To collect homologs of arsenic resistance genes, each HMM profile was searched against 786 genomes, using hmmsearch with an E-value cutoff of 0.1. Hit scores were retrieved, and the corresponding sequences were examined for conserved domains, using protein family (PFAM) database (57). With profile searches for Acr3, ArsB, ArsH, ArsI, ArsM, and ArsP (SI Appendix, Figs. S22–S27), the retrieved hits were partitioned into two distinct groups: one exhibited significantly higher scores that consist of reference proteins, and another showed a much lower score that included distant homologs. The separation of scoring values permitted us to distinguish these arsenic resistance genes from their remote relatives, and we annotated the sequences showing better scoring values as the target proteins. To determine whether these sequences are truly arsenic resistance proteins, hits from hmmsearch were aligned with MAFFT (multiple sequence alignment based on fast Fourier transform), and phylogenetic trees were constructed using RAxML under the PROTGAMMAAUTO model with 100 nonparametric bootstraps. The results from these tree-building trails indicated that sequences with significant higher scores formed a moderate- to strong-supported monophyletic clade among the functional characterized proteins (SI Appendix, Figs. S22–S27), which provided evidence that the arsenic resistance proteins were correctly annotated.

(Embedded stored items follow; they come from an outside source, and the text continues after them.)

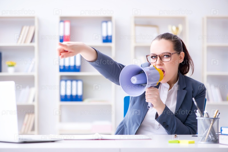 Злой бизнесмен кричит с громкоговорителем в офисе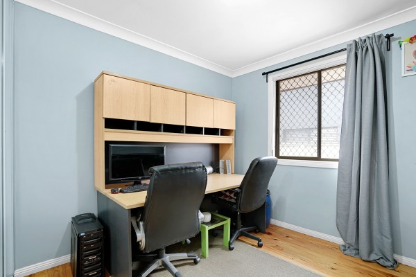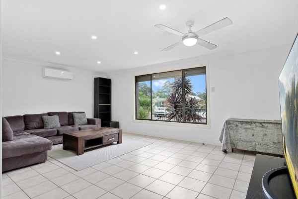 - Spacious living area to front of the property with split system air-conditioner and ceiling fan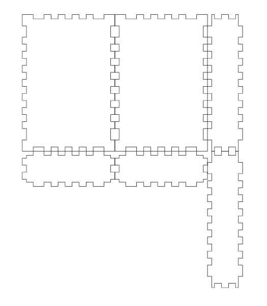 La caja física en que del Pi se sentará se hace usando un cortador láser. TH va a generar planes de caja a las dimensiones de entrada de usuario que funcionan muy bien con los cortadores de lazer, pero podría utilizar un scapel si no tienes acceso a uno. Optó por utilizar ensambles de dedo y mide las dimensiones de la Pi. Pasé por 3 'prototipos' diseño de la caja, cada uno que realiza un objetivo. Cada uno de los prototipos fueron hechos con cartón reciclado, pero el diseño final debe ser hecho con madera.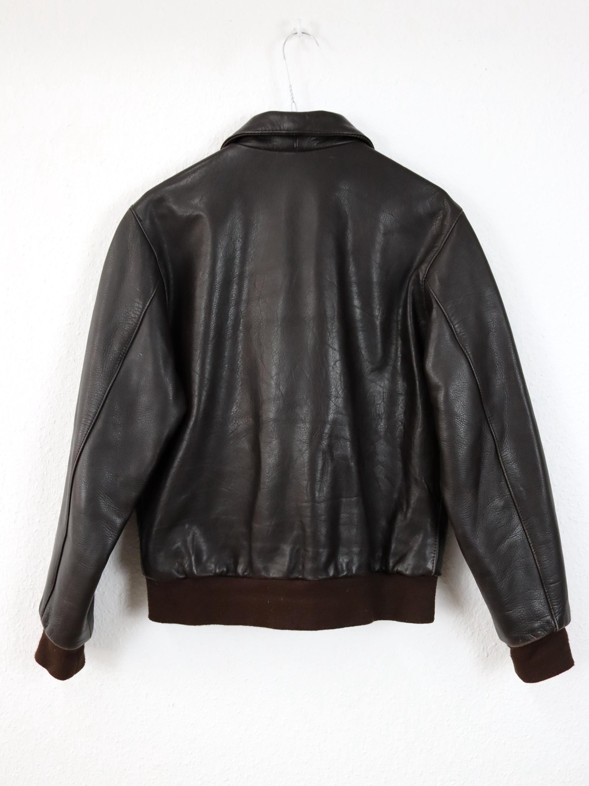 Vintage 80s 90s NOBLE HOUSE Heavy Leather Jacket Brown Bomber XS/S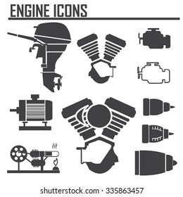 車のエンジン、オートバイ エンジン、航空機用エンジン、ボート エンジン、アイコンとシンボルのイラスト素材・ベクター Image 59847912。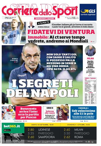 Provare a descrivere con i numeri il calcio di Sarri può sembrare un esercizio bizzarro, misurandoli con un grafico? Storcerebbe il naso anche il tecnico azzurro, grande amante della letteratura. Eppure, strano a dirsi ma è così, la fredda logica dell’aritmetica restituisce pienamente il senso del calcio predicato dal suo Napoli da due anni (e un po’) a questa parte. Un calcio nel quale l’estetica, il gusto per la qualità e le giocate eleganti, non sono mai un qualcosa di fine a se stesso: è attraverso quest’idea di bellezza, di coralità, di armonia dei movimenti, con e soprattutto senza palla, che gli azzurri vogliono arrivare al risultato. Attaccare senza speculare, insomma. E i numeri delle prime sei giornate confermano esattamente questo. Fonte: CdS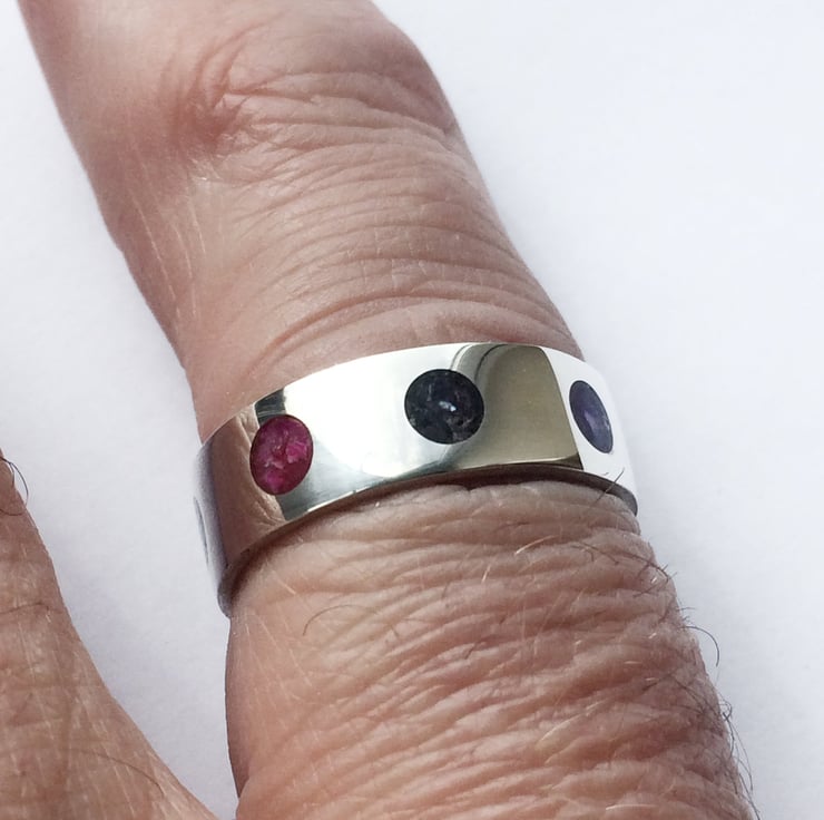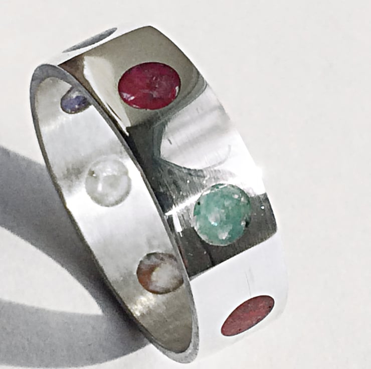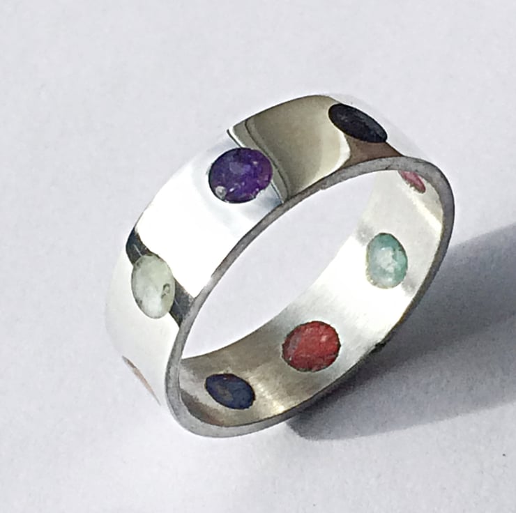 Having made a small number of Channel Inlay rings I was intrigued whether it was possible to do a multi-coloured ring while keeping it aesthetically pleasing. I set about experimenting and came up with this Rainbow Dots Ring. It can of course be ordered in a single Colour of Dots if that is your preference.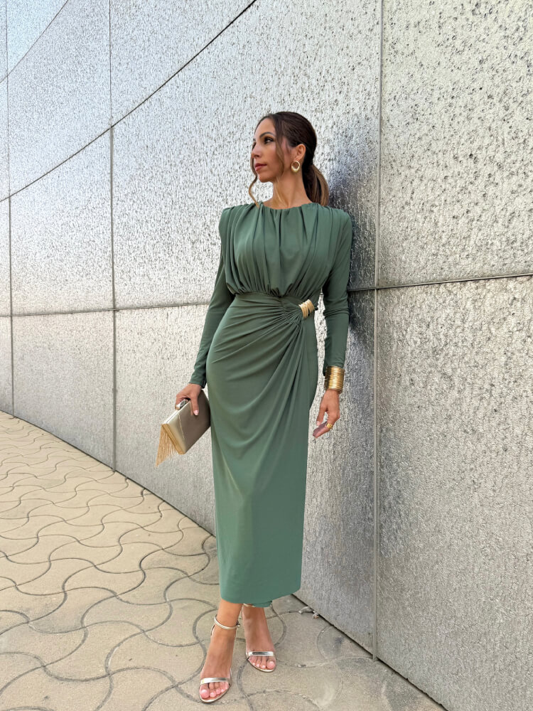 Vestido en tejido elástico sin brillo destaca por su drapeado estratégico que estiliza la figura y aporta movimiento. Las hombreras marcadas añaden estructura y fuerza al diseño, mientras que el broche lateral actúa como punto focal, elevando la silueta con sutileza.

In contrast, HMM profiles showed lower ability to distinguish ArsCs from their distant relatives (SI Appendix, Figs. S28–S30), probably because of their short protein lengths and absence of highly conserved domains. Therefore, we identified prokaryotic arsenate reductase genes (ArsC1 and ArsC2) by taking genomic contexts into account. The hmmsearch scoring threshold for each arsenate reductase (ArsC1 and ArsC2) was optimized to include sequences from the phylogenetic clade containing both reference proteins and homologs located within ars operon (SI Appendix, Figs. S28 and S29). Eukaryotic arsenate reductases (Acr2) were determined via a phylogenetic method. Branches within a well-supported clade consisting known Acr2 were selected as putative Acr2 (SI Appendix, Fig. S30).
ArsR homologs were classified into four families on the basis of a reported phylogenetic tree (18). Reference alignment and phylogenetic tree of ArsRs were built as described previously (18). For each ArsR family, homologs extracted by HMM profiles were added to reference alignment using MAFFT (–add and –keeplength) and assigned to a reference tree with evolutionary placement algorithm in RAxML. Sequences that were placed within the corresponding clade of the reference tree were identified as ArsR (SI Appendix, Fig. S31).
Sequences retrieved here were further screened for presence of key catalytic residues (SI Appendix, Table S1). Homologs passed through these criteria were regarded as functional orthologs involved in arsenic resistance, which were used for subsequent analysis. The same identification pipeline was further applied to fetch protein sequences of arsenic resistance genes in 2,031 organisms included in EggNOG Database (v4.5.1).
Phylogenetic Analysis of Arsenic Resistance Genes.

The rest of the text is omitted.